Sunday, April 09, 2006

Simon says....

... I want to leave my wife and kids for you. Because when I look in your eyes i get lost and i forget they exsist. I become a man of desire and want, and I never expected life to bring me that again. I've become a man split in three. When I go home every evening and face my wife, when she searches my eyes for the love she used to have I'm split, torn. I'm the knot in my stomach that shows me the guilt I'm feeling. It hurts, throbs when she touched me. But I'm also my heart, which I've left in your hands, open and shivering from the love you've filled it with. I do not take it with me home anymore. And I'm my head. My head filled with my history of making love to my wife, raising our children, walks after midnight and arguements. It chills me that my history is now seperated from my heart. It no longer means anything that I spent 15 years building and maintaing this love, because in days, maybe even seconds it vanished. She can see the love running out of me. She's a beautiful, intellegent women, I choose her once, so she does not panic. But I hear the cry in her throat and the feeling of life slipping away. But all I want is to hold you. When I touch you I'm eletric and the knot goes away and my head goes away. Because after all a heart is the strongest. A heart will have its will.

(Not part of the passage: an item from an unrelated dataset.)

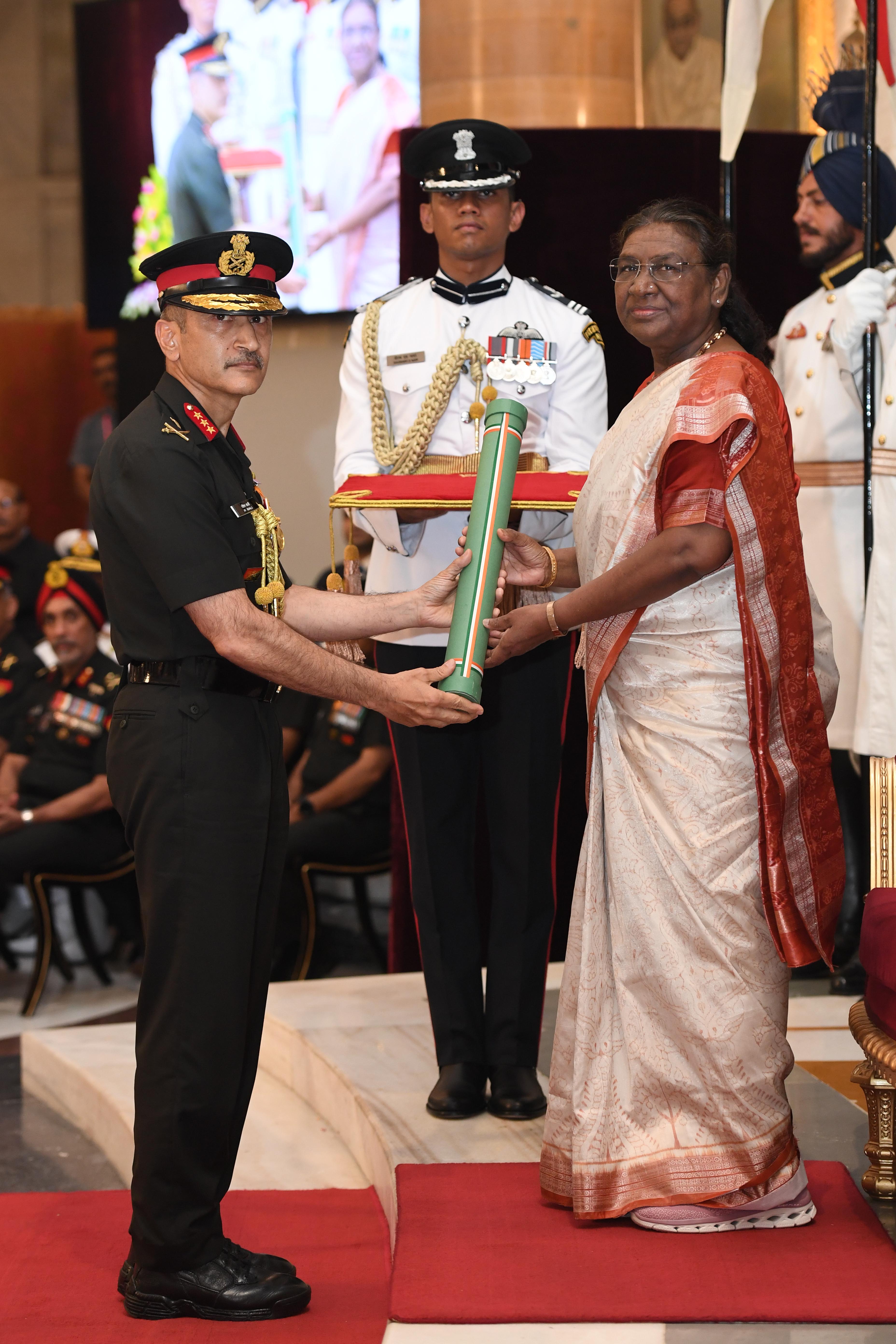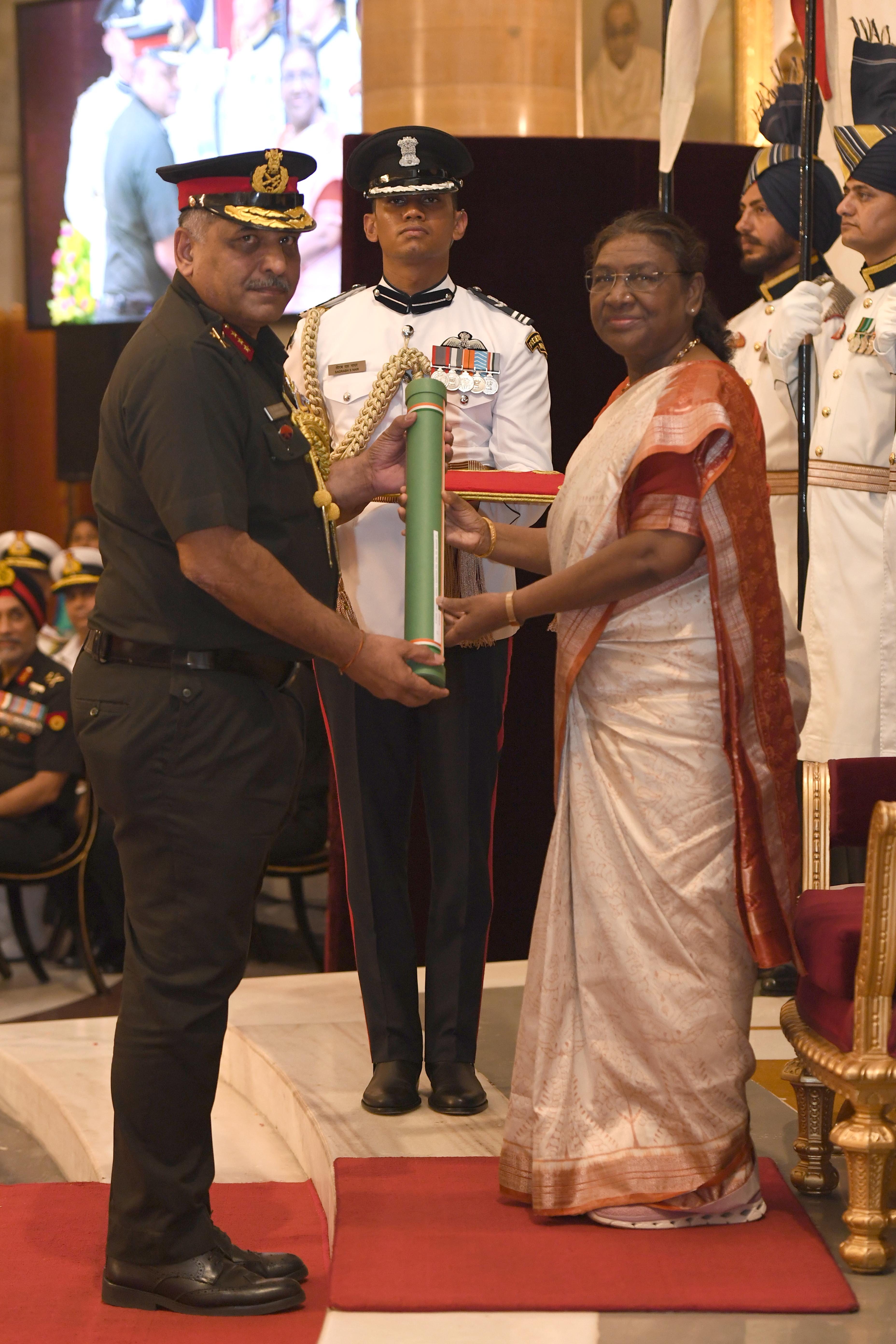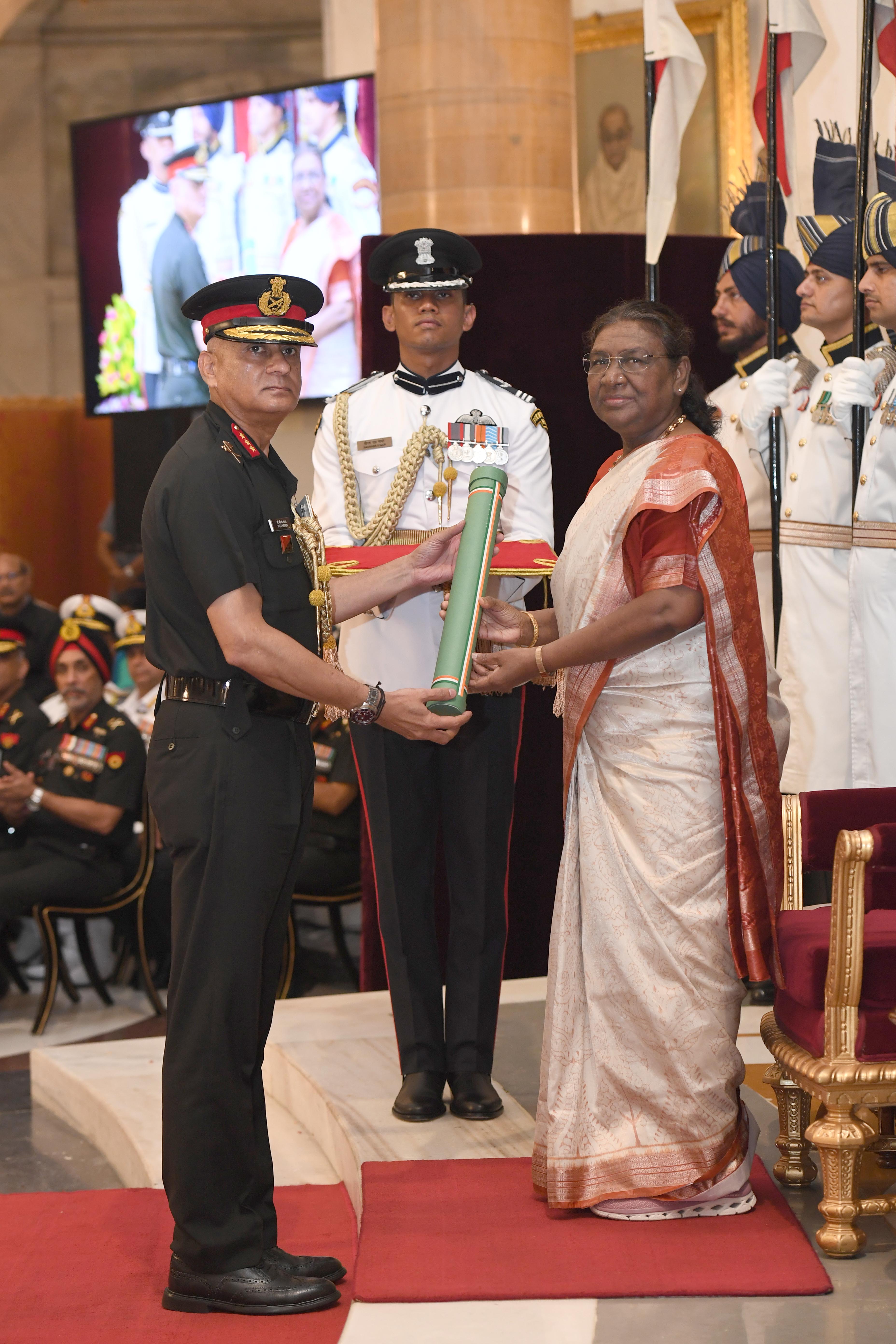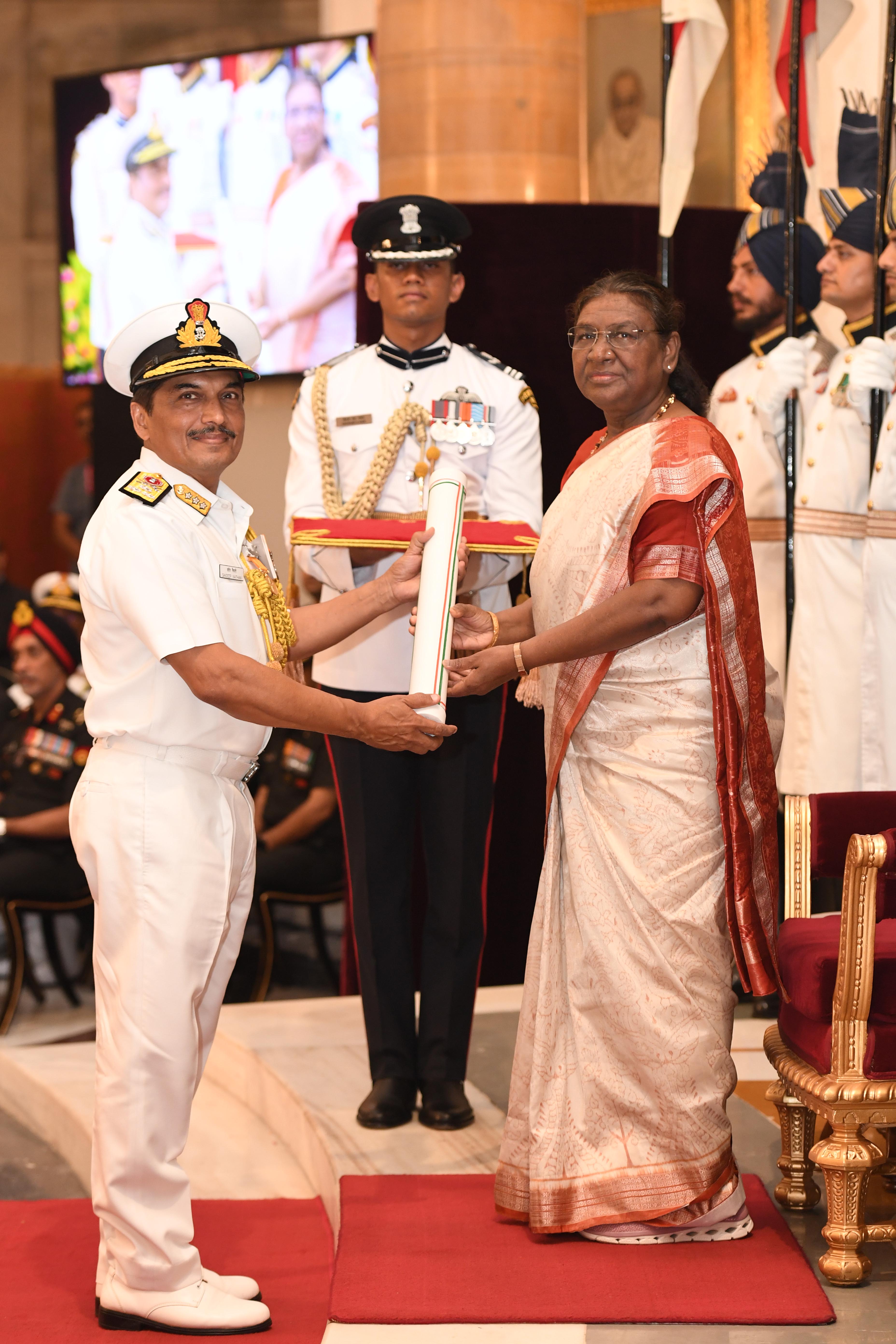 The President of India, Smt Droupadi Murmu presented Distinguished Service Awards at the Defence Investiture Ceremony-2024 (Phase-II) held at Rashtrapati Bhavan on July 19, 2024.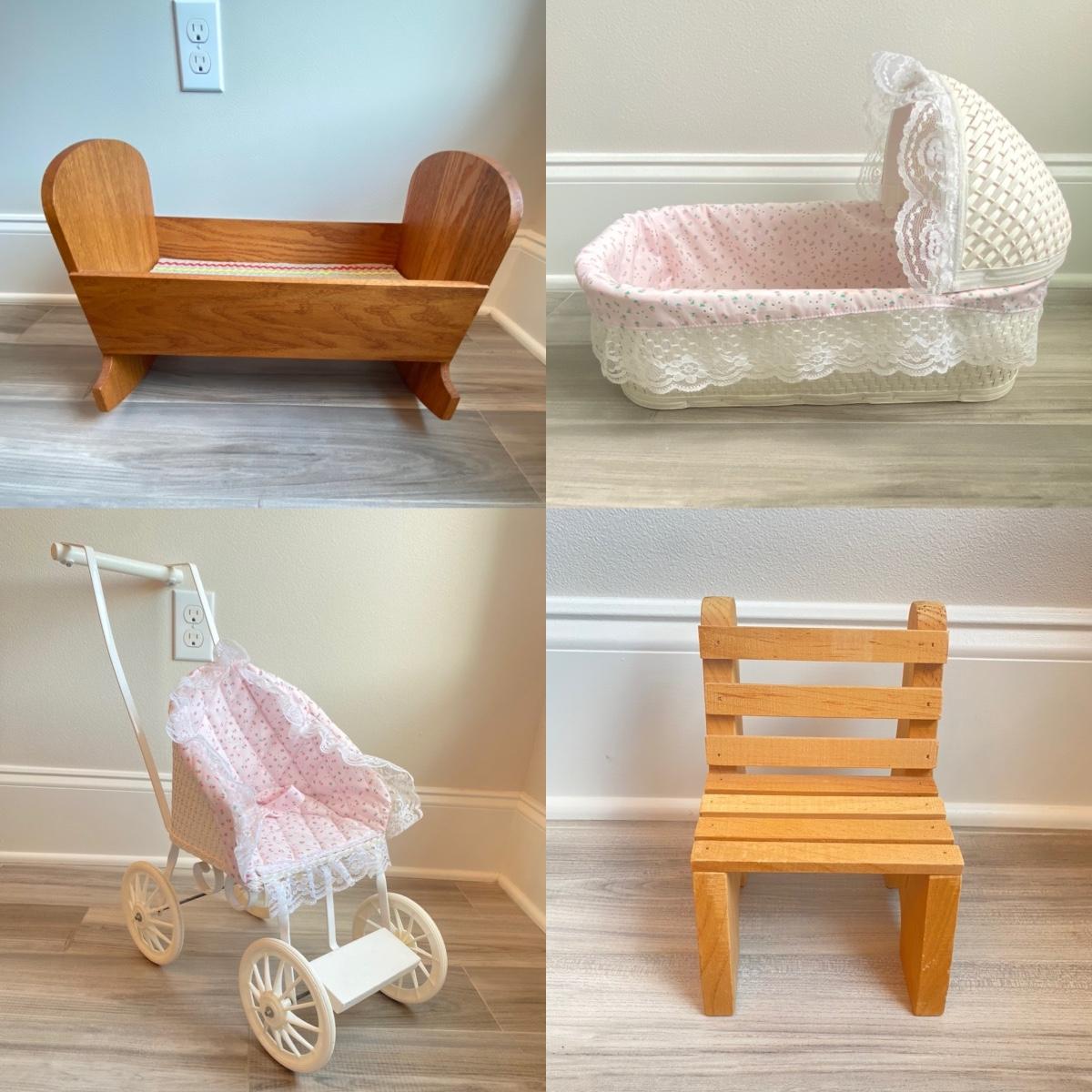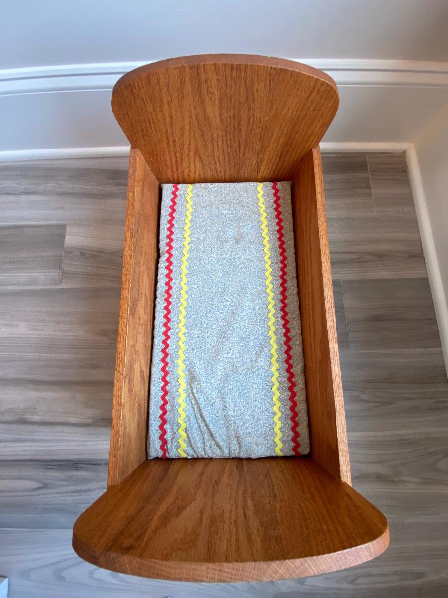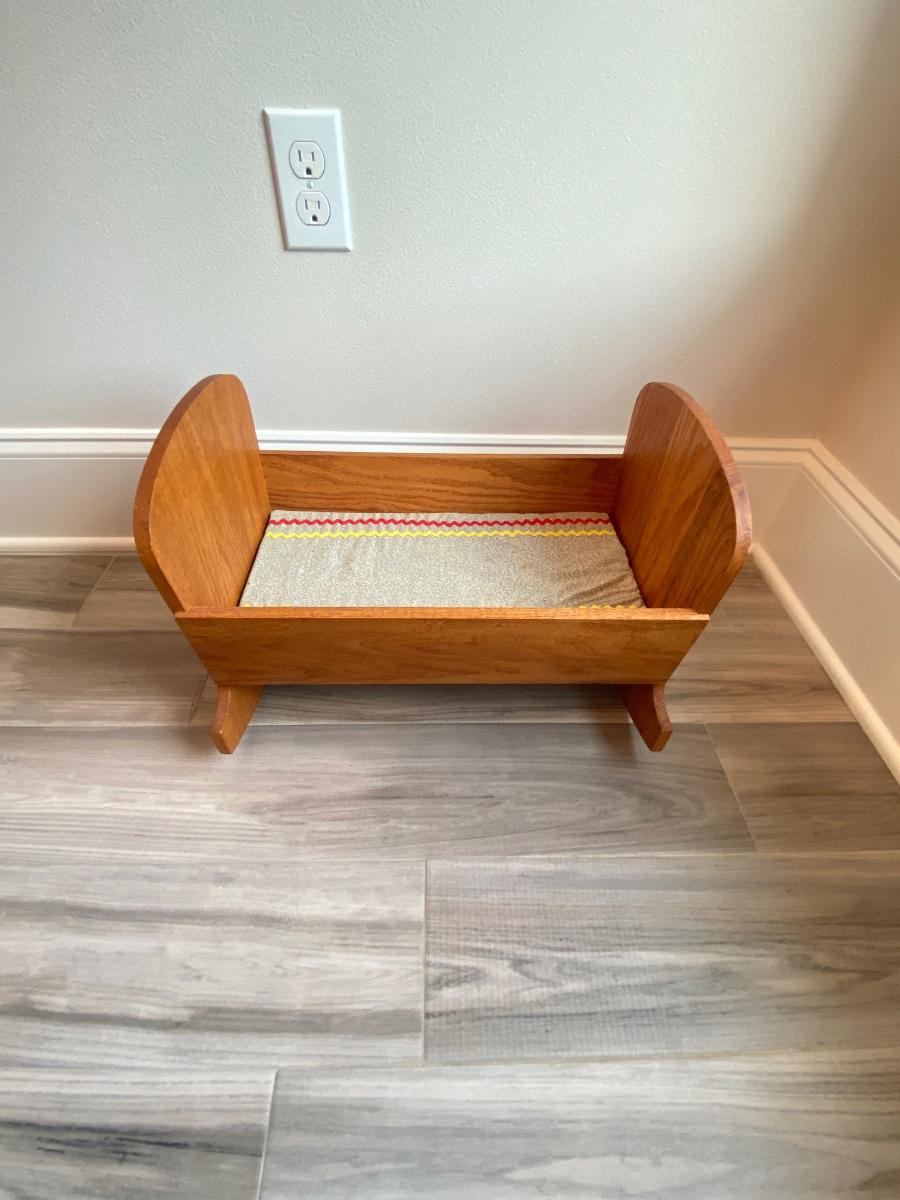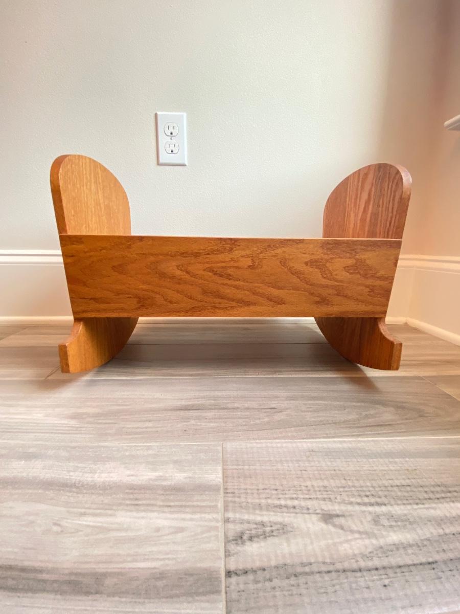 Includes: 1- Rocking Wooden Doll Bed with removable liner. 18”x 12”

I look at my friend as she tells me what he said. I look at how her eyes shines and how she's filled with a love and desire she does not want to express. Putting it into words will make her love unjust, unfail, unmoral. Keeping quiet about her love keeps it pure, locked-up and safe. She does not understand the turn it all has taken. Does not understand how a man with a wife and kids, a man who is her boss, her superior can leave his heart bleeding and shivering with her. She burns for him, but she has also just recieved the ultimate love sacrifice. He will give it all, everything up for her. For her. She is worth everything. She is beautiful, intellegent and fun and I understand why anyone would fall for her. Sitting with her I seem to be understanding the force of his love more than she. She cannot understand, cause understanding means deciding, means being responsible. I can see she's all heart too. Her feelings as cut her too from her head. She cannot cry for wifes or kids, but have their fate in her hands. Her hands are getting too full.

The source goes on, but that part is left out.